General information
- Founded: 1940
- Folded: 1940
- Stadium: Fenway Park
- Headquartered: Boston, Massachusetts, United States
- Colors: Unknown

Personnel
- Owner: Sheldon Fairbanks
- Head coach: Eddie Casey

Team history
- Boston Bears (1940)

League / conference affiliations
- American Football League III (1940)

= Boston Bears (AFL) =

The Boston Bears were a professional American football team that competed in the third American Football League in 1940. Owned by Sheldon H. Fairbanks, the team played its home games in the Fenway Park in Boston, Massachusetts. Coach Eddie Casey’s team was a competitive one, finishing the 1940 season with a 5-4-1 record, good for third place in the AFL, behind league champions Columbus Bullies and second-place Milwaukee Chiefs.

But success on the field did not transform itself into success in the stands. The Bears became the third professional football team to leave Boston in the space of four years (behind the Redskins of the NFL (which moved to Washington in 1937) and the Boston Shamrocks (of the defunct second American Football League, which folded in 1937; the Shamrocks lasted one more year as an independent team before calling it quits).

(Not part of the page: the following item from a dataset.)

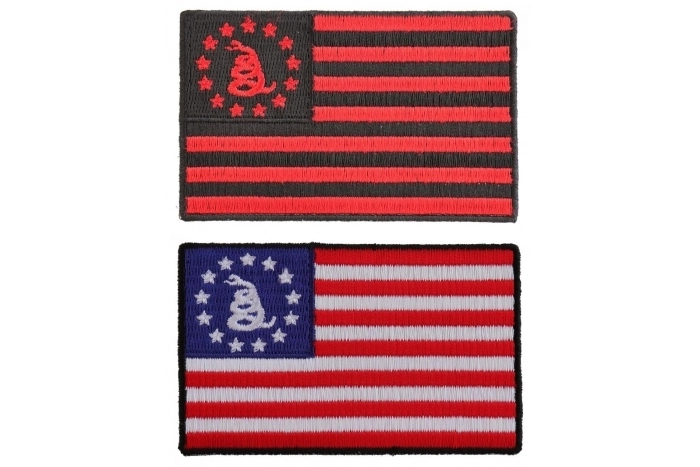 Gadsden Flag RWB and Black Red 2 Iron On Flags - 3.5 inches

Before the league’s annual preseason meeting, Fairbanks announced the dissolution of the team (in the meeting, the league tabbed Detroit for an expansion team for the 1941 season to replace the Bears; the team later asked the league for a deferment until 1942, which was granted; but the league suspended operations in the wake of the Pearl Harbor attack and the U.S. entry into World War II). Boston would welcome the Boston Yanks of the NFL in the late 1940s, but not have a stable major league football franchise until 1960, when the fourth American Football League’s Boston Patriots started play.